Mary Louise Kelly at the Brattle Theatre
It. Goes. So. Fast.:
The Year of No Do-Overs
in conversation with MEGHNA CHAKRABARTI
April 14, 2023
6:00 PM ET
40 Brattle St., Cambridge, MA 02138
$28.75 (book included)
Harvard Book Store welcomes MARY LOUISE KELLY—Harvard University alumna and co-host of All Things Considered on NPR—for a discussion of her new memoir It. Goes. So. Fast.: The Year of No Do-Overs. She will be joined in conversation by MEGHNA CHAKRABARTI, host of NPR's On Point.
A Return to In-Person Events
Harvard Book Store is excited to be back to in-person programming. To ensure the safety and comfort of everyone in attendance, the following Covid-19 safety protocols will be in place at all of our Brattle Theatre events until further notice:
- Face coverings are required of all staff and attendees when inside the venue. Masks must snugly cover nose and mouth. At venues where refreshments are served, attendees may briefly unmask when actively eating or drinking.
- Attendance is capped so as to allow for some social distancing in the venue.
For the time being, we will not be holding author signings at these events, in order to limit close contact. When possible, we will have pre-signed books available for purchase on-site.
There are two ticket options available for this event.
Book-Included Ticket: Includes admission for one and one hardcover copy of It. Goes. So. Fast.
Admission-Only Ticket: Includes admission for one.
About It. Goes. So. Fast.
The time for do-overs is over.
Ever since she became a parent, Mary Louise Kelly has said “next year.” Next year will be the year she makes it to her son James’s soccer games (which are on weekdays at 4 p.m., right when she is on the air on NPR’s All Things Considered, talking to millions of listeners). Drive carpool for her son Alexander? Not if she wants to do that story about Ukraine and interview the secretary of state. Like millions of parents who wrestle with raising children while pursuing a career, she has never been cavalier about these decisions. The bargain she has always made with herself is this: this time I’ll get on the plane, and next year I’ll find a way to be there for the mom stuff.
Well, James and Alexander are now seventeen and fifteen, and a realization has overtaken Mary Louise: her older son will be leaving soon for college. There used to be years to make good on her promises; now, there are months, weeks, minutes. And with the devastating death of her beloved father, Mary Louise is facing act three of her life head-on.

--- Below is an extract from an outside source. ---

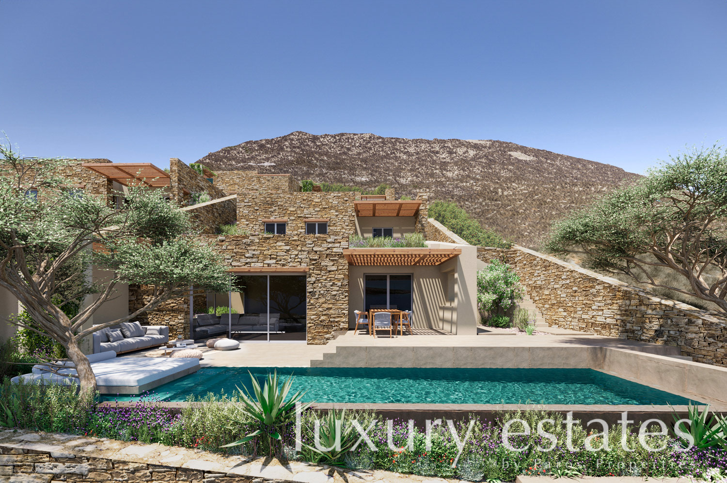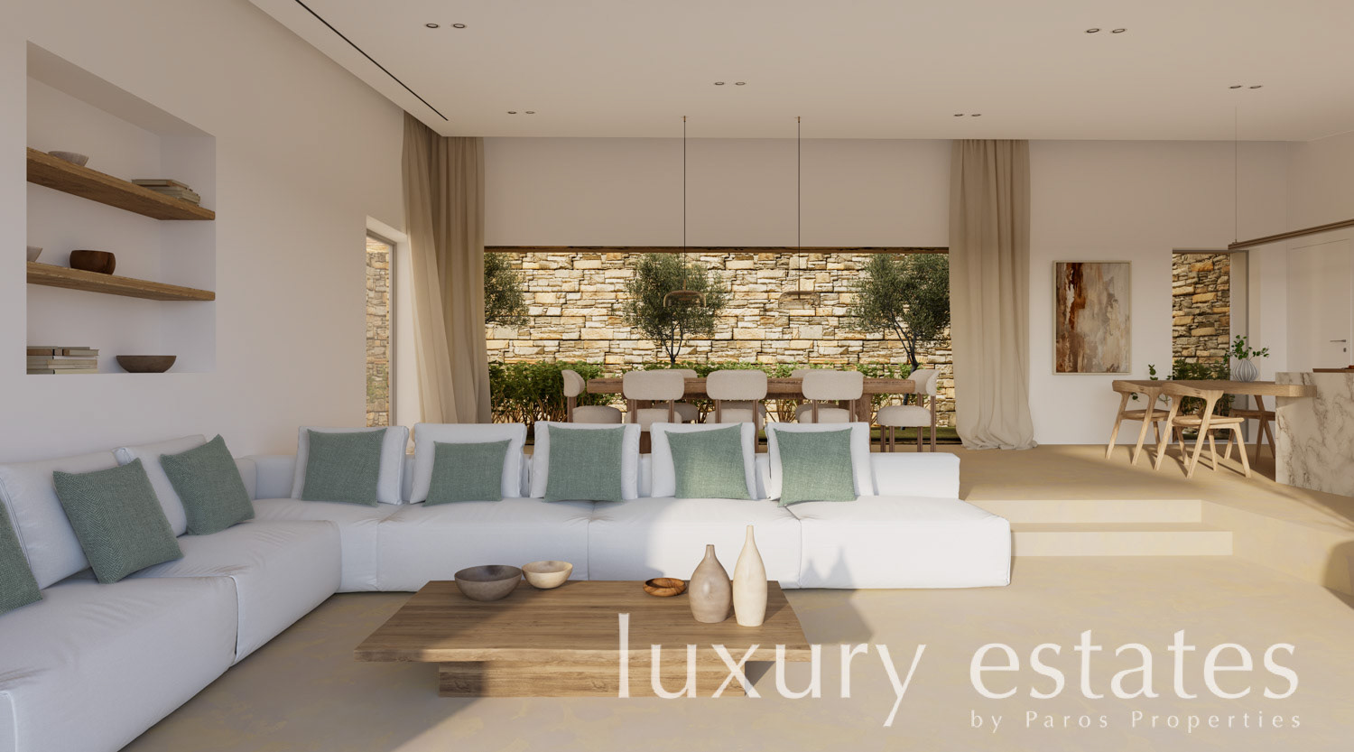 Conceived with a focus on refined modern living and Cycladic simplicity, Villa Selene a 235 m² residence is arranged across spacious interiors and beautifully proportioned outdoor areas. Expansive openings connect the main living spaces to wide terraces, encouraging a seamless flow between indoor comfort and outdoor living, enhanced by pergola-covered areas and sweeping sea panoramas.

Mary Louise is coming to grips with the reality every parent faces. Childhood has a definite expiration date. You have only so many years with your kids before they leave your house to build their own lives. It’s what every parent is supposed to want, what they raise their children to do. But it is bittersweet. Mary Louise is also dealing with the realities of having aging parents. This pivotal time brings with it the enormous questions of what you did right and what you did wrong.

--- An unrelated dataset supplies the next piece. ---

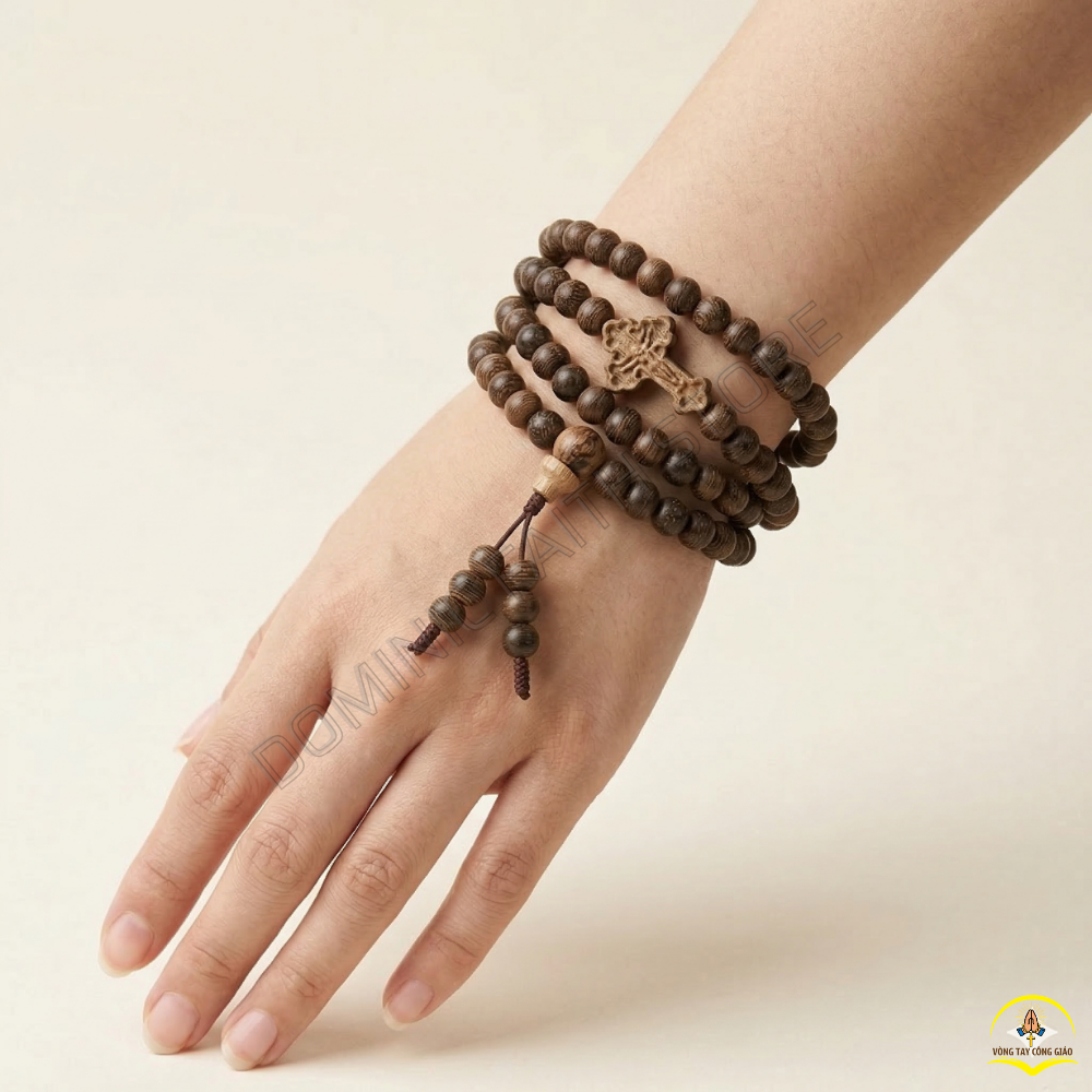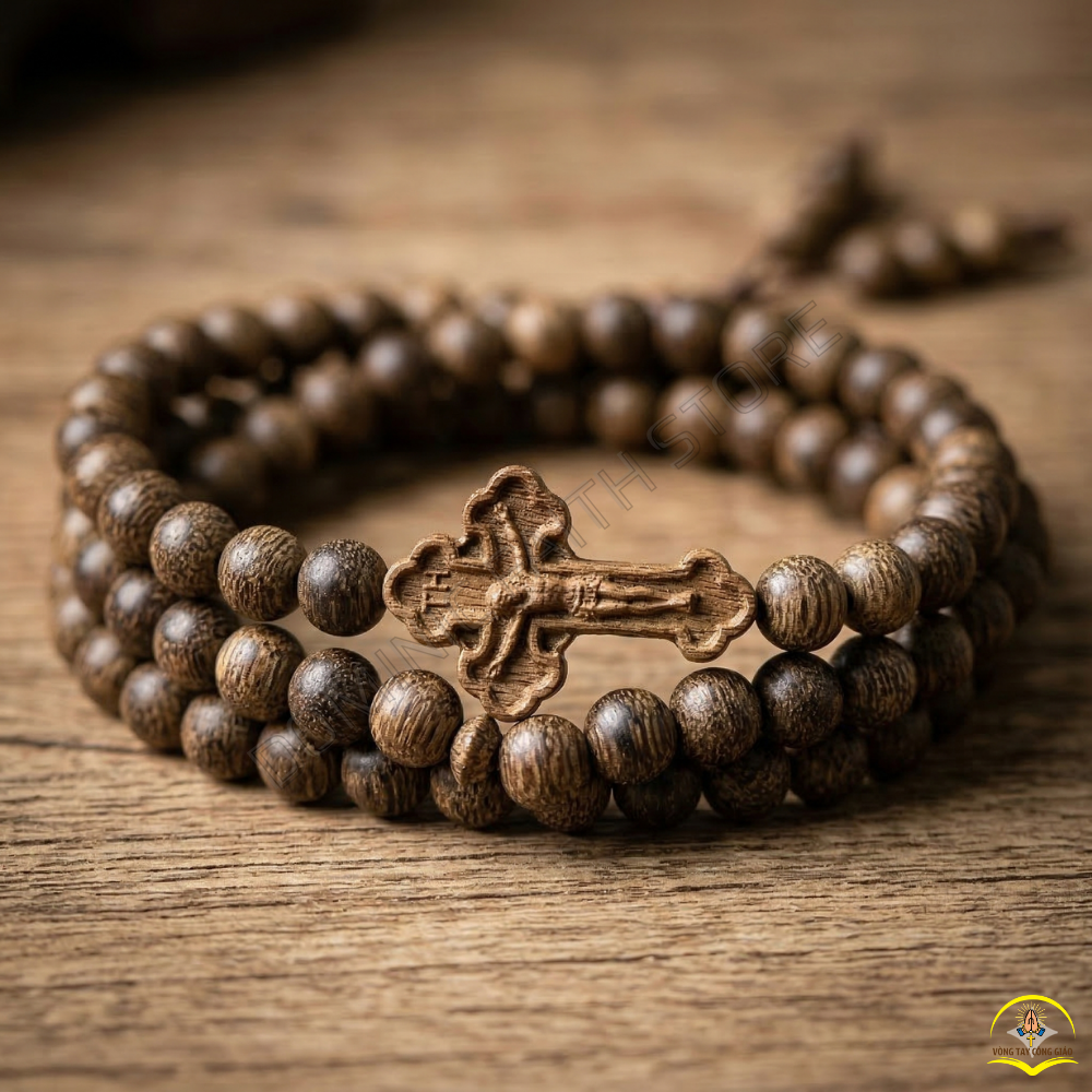 Trầm Hương Tốc Vườn luôn được ưa chuộng bởi những đường vân gỗ tự nhiên rõ rệt và độ bền cao. Khi được kết hợp cùng Thánh Giá gỗ, mẫu vòng tay này trở thành biểu tượng của sự khiêm nhường nhưng vô cùng mạnh mẽ trong Đức tin.

This chronicle of her eldest child’s final year at home, of losing her father, as well as other curve balls thrown at her, is not a definitive answer―not for herself and certainly not for any other parent. But her questions, her issues, will resonate with every parent. And, yes, especially with mothers, who are judged more harshly by society and, more important, judge themselves more harshly. What would she do if she had to decide all over again?
Mary Louise’s thoughts as she faces the coming year will speak to anyone who has ever cared about a child or a parent. It. Goes. So. Fast. is honest, funny, poignant, revelatory, and immensely relatable.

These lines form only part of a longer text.